The Association for Library Service to Children (ALSC) recently elected to remove Laura Ingalls Wilder’s name from an award designated in her honour that celebrates American books that make an important and enduring contribution to children’s literature.

Wilder is the author of the renowned “Little House on the Prairie” series of books that have been a mainstay of children’s literature since their publication in the 1930s.

The ALSC board, which is a division of the American Library Association, reached a unanimous decision to remove Wilder’s name from the award because of negative and stereotypical references Wilder made regarding Native Americans and black people.

Born in 1867, Wilder was the first writer to receive the ALSC award in 1954, which until now also bore her name.

The autographical Little House on the Prairie series tell the story of the Ingalls family and of life on the Great Plains in the mid to late 1800s.

Prior to its final decision, the ALSC announced its misgivings about Wilder’s legacy saying it “may no longer be consistent with the intention of the award named for her,” and following their final decision to remove her name the ALSC issued this statement:

“The decision was made in consideration of the fact that Wilder’s legacy, as represented by her body of work, includes expressions of stereotypical attitudes inconsistent with ALSC’s core values of inclusiveness, integrity and respect, and responsiveness.”

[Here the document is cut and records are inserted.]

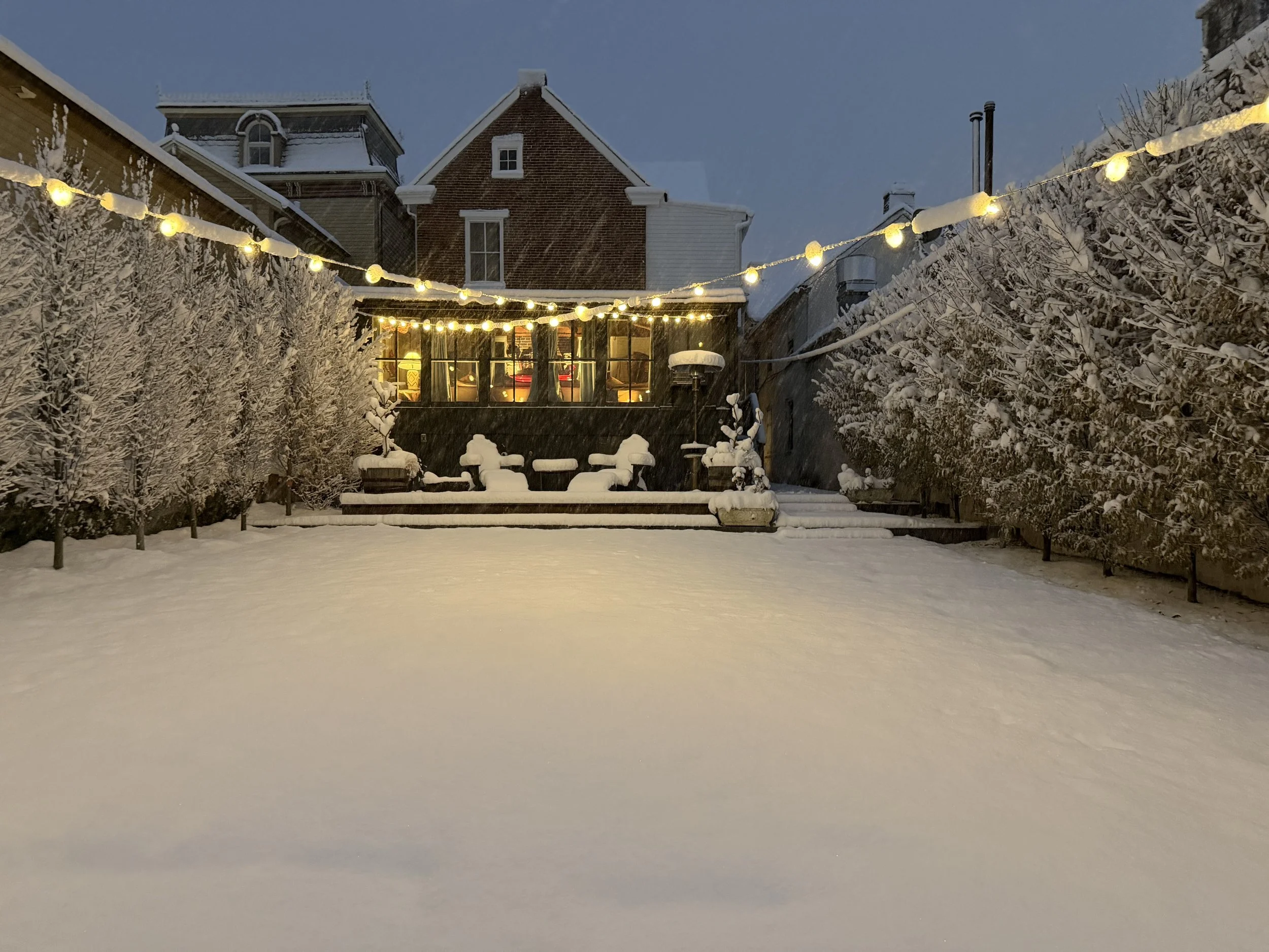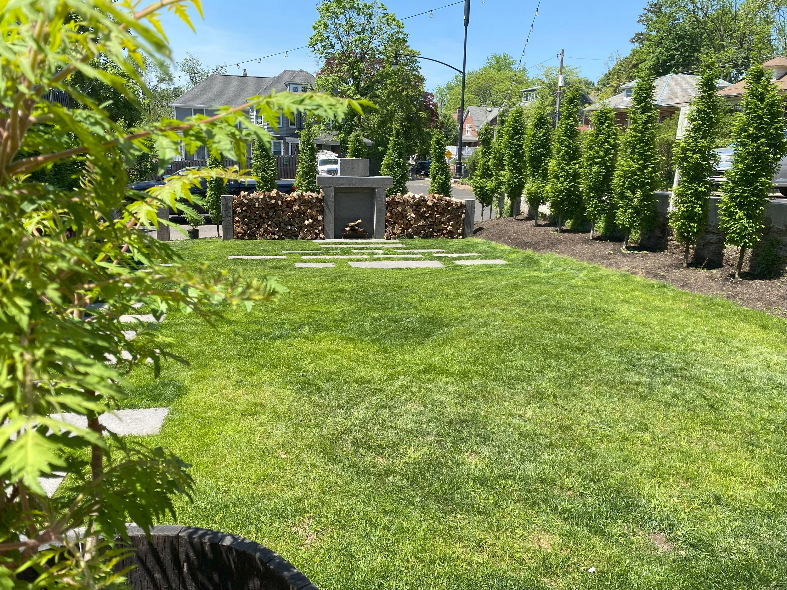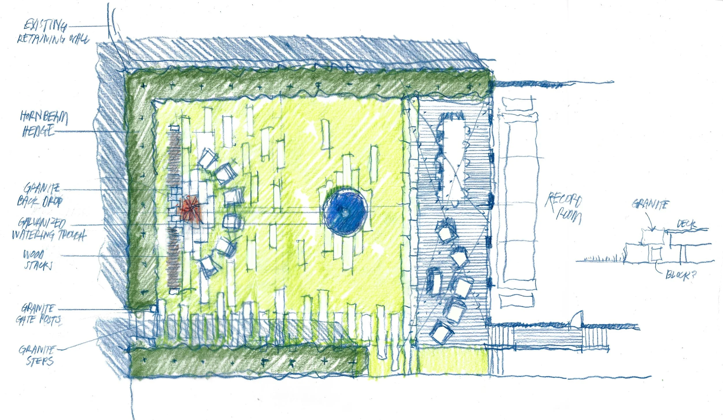 The Green House Garden is a small outdoor room the extends the the outdoor living space of an 1850s colonial home in the heart of Doylestown, Pennsylvania. The plan is centered around a lawn panel, bookended by a performance deck/stage adjacent to the house and a whimsical fireplace on the other. The project utilized reclaimed and naturally sourced materials. The granite cobble paving, stepping stones, outdoor fireplace, steps and seatwalls were reclaimed during the demolition of a pier at Penn’s Landing in Center City Philadelphia. The decking is random width, locally sourced, white oak from Northern Bucks County. Fastigiate Hornbeam enclose the space and are intended to be clipped into a formal hedge.
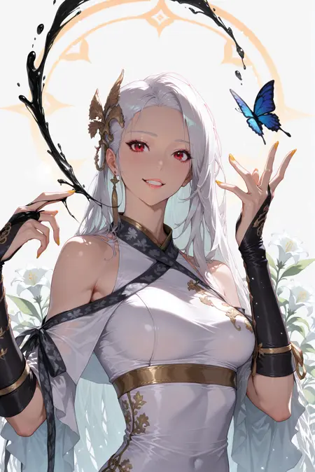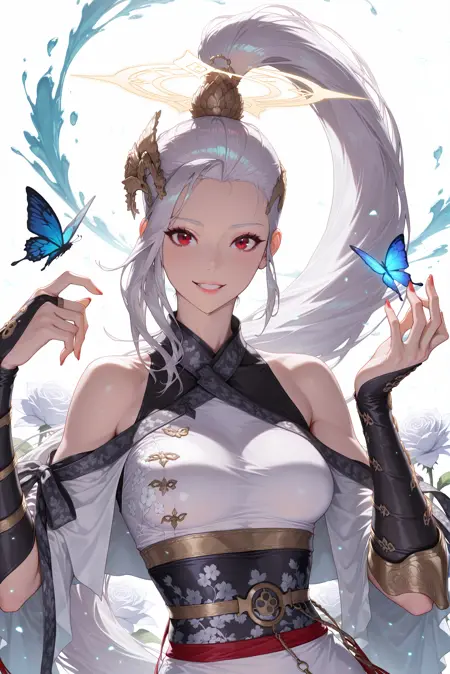 Core Trigger Words:vagabond \(dungeon and fighter\), silver hair, long hair, high ponytail, red eyes, vagabond def chinese clothes, vagabond hair ornament
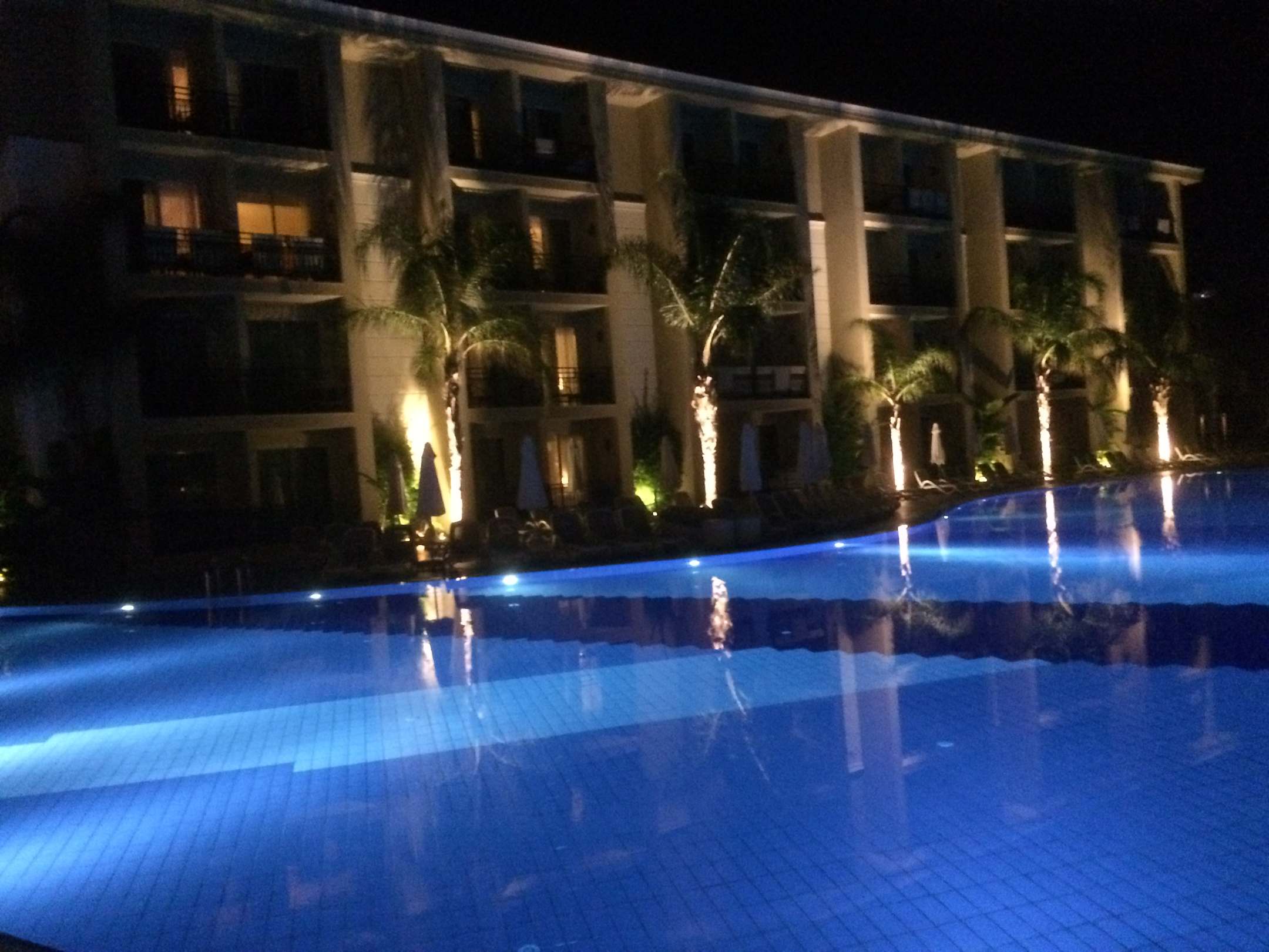 Pool mit Hotel bei Nacht
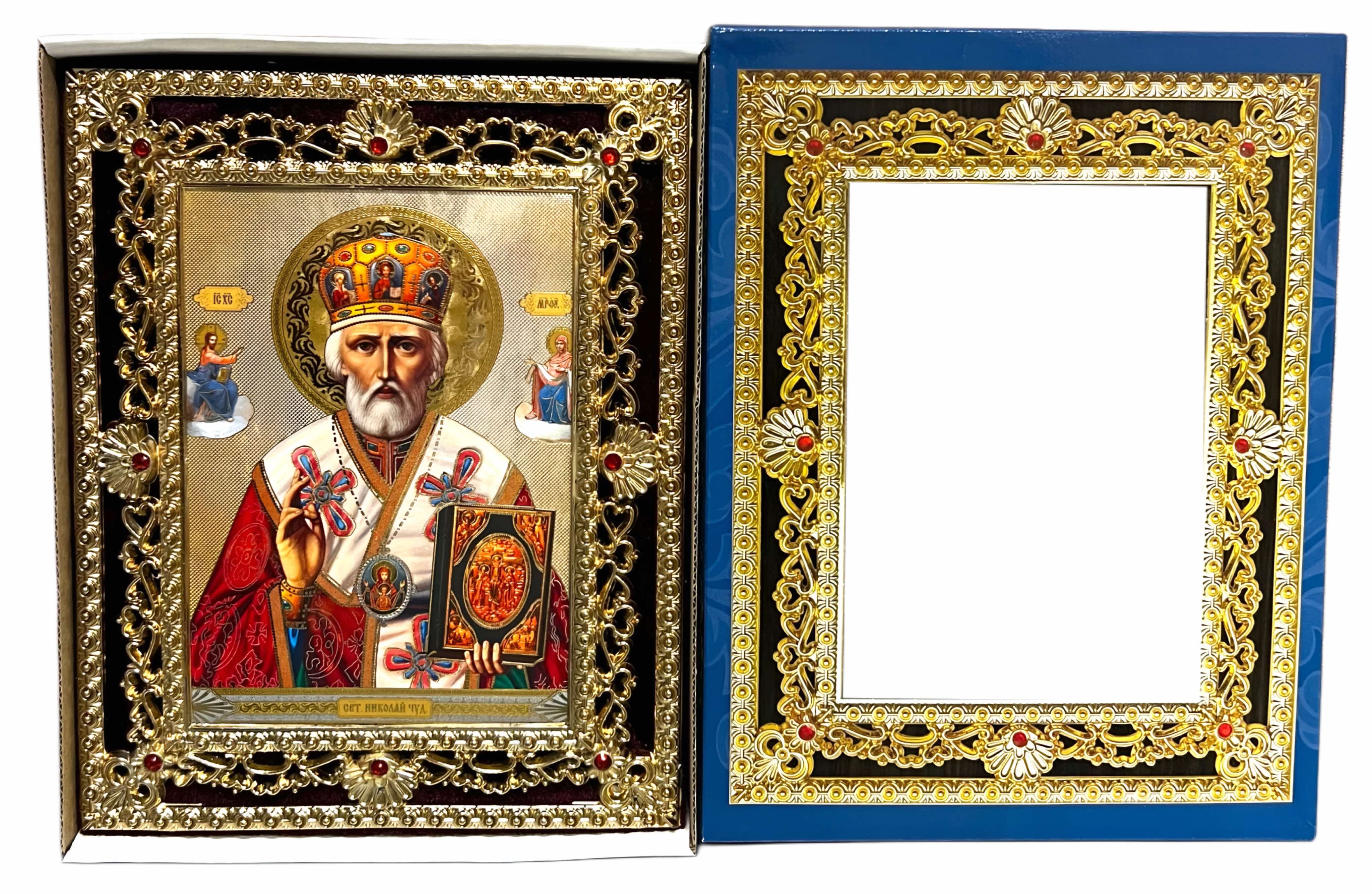 Ikona drevená Nikolaj 15×18 cm v modrom puzdre.
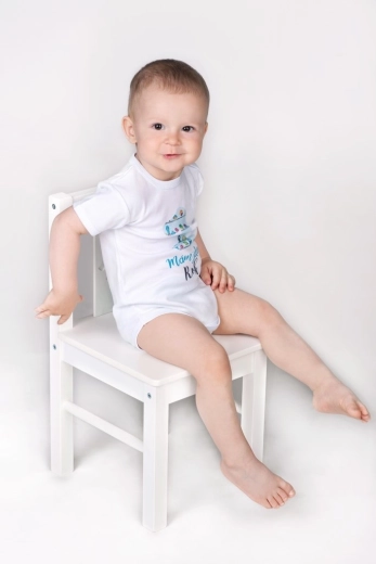 Praktyczne zapięcie na napy na ramieniu i w kroku ułatwia ubieranie oraz przewijanie. Dzięki wygodnemu krojowi body idealnie sprawdzi się na co dzień, do zdjęć i na urodzinowe przyjęcia.
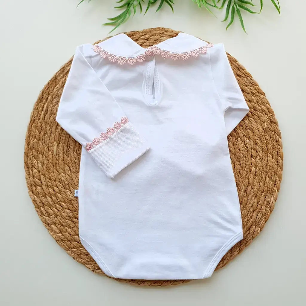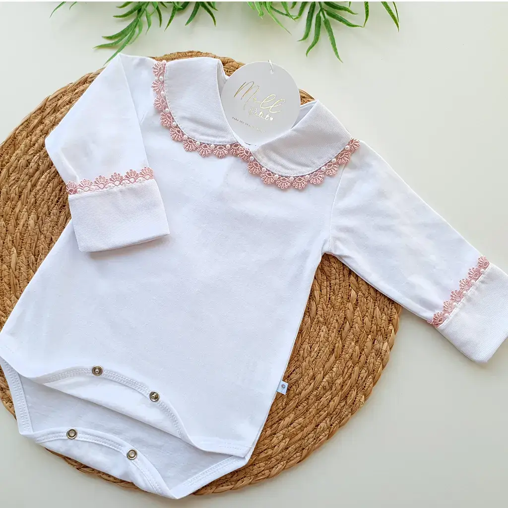 Pontos a destacar: a golinha e punhos sobrepostos que destacam a delicadeza da renda guipir com mini pérolas. Suas aberturas por botões de pressão oferecem conforto para o bebê no momento da troca de fralda. É perfeita e uma linda combinação com a saída de maternidade.
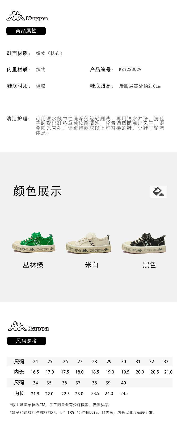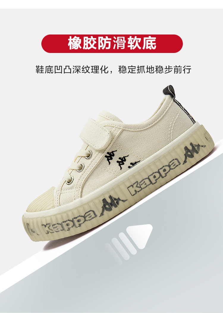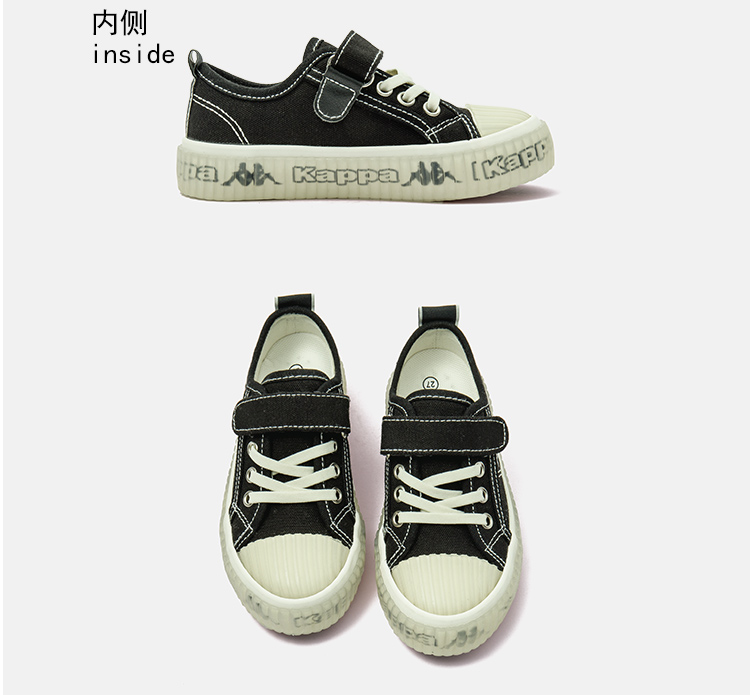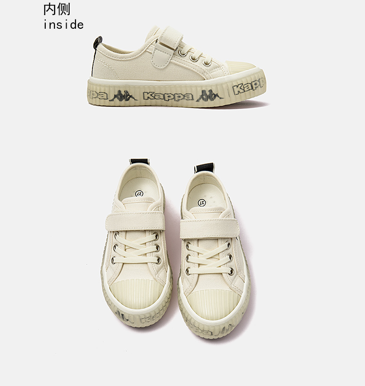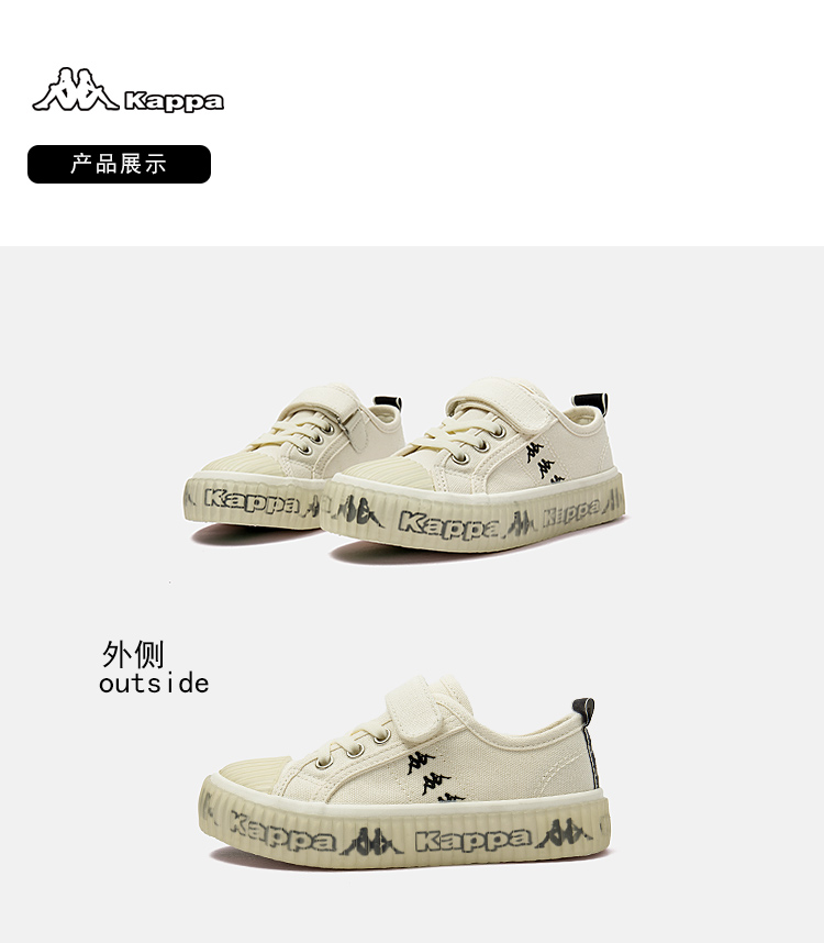 商品名称:Kappa kids卡帕儿童魔术贴帆布鞋子2024春秋季新款中大童透气小白板鞋男女童百搭鞋子男童
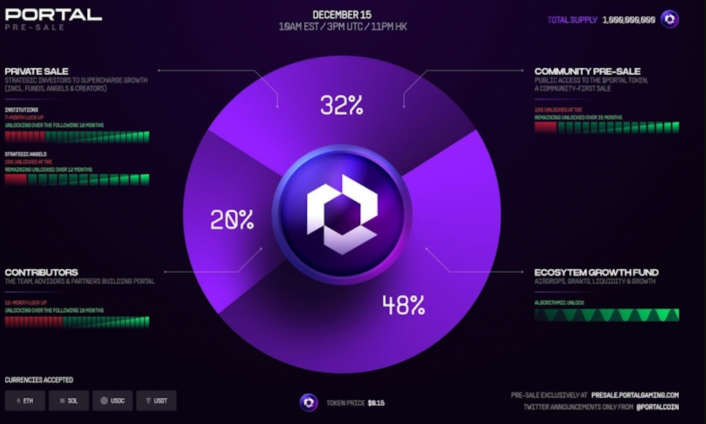 PORTAL’s journey includes completed private and community sales, along with a public presale, with 32% of the total supply allocated for these sales. Presently, the circulating supply stands at 167 million tokens, equivalent to 16.7% of the total 1 billion PORTAL tokens.

Saying that Wilder’s legacy “may no longer be consistent with the intention of the award name for her,” is somewhat absurd as it suggests that either Wilder’s legacy was perfectly consistent until recently or that the ALSC board never read her books up until now.

This also poses the question: have Wilder’s books been responsible for promoting racism or racial disrespect over the 64 years the award carried her name?

Words can be powerful; they have the power to persuade, corrupt, intimidate, deceive, incite hatred and to be profoundly hurtful.

However, they usually exercise that negative power over people who lack the education to understand the complexities of language, who are not adequately schooled to be alert to the ambiguities of language, sensitive to the transformative power of metaphor and open to the experiences that literature can convey.

Words also have the power to inspire, to mitigate, to resolve conflict and to enlighten but words will lose that power if they are culled, and sanitized by boards and committees.

To justify its position, the ALSC said that while Wilder’s work continues to be published her “legacy is complex” and “not universally embraced.”

No writer of merit has ever had their work universally embraced; though it might be universally discussed. The Bible or Shakespeare are not universally embraced and neither is “Leaves of Grass,” the seminal work by America’s national poet Walt Whitman.

What will become of the historical record animated in literature if we allow books to be expunged from the canon because they offend contemporary sensibilities? This practice offers posthumous absolution to tyrants and by falsifying the record diminishes the trials of those who, due to their ethnicity or cast, were forced to suffer unthinkable degradation and who heroically prevailed over near impossible odds every day of their lives.

Winston Churchill famously said, “Those who fail to learn from history are doomed to repeat it.” If he were speaking today he may very well add: those who attempt to sanitize and rewrite history doom all of us to repeating it.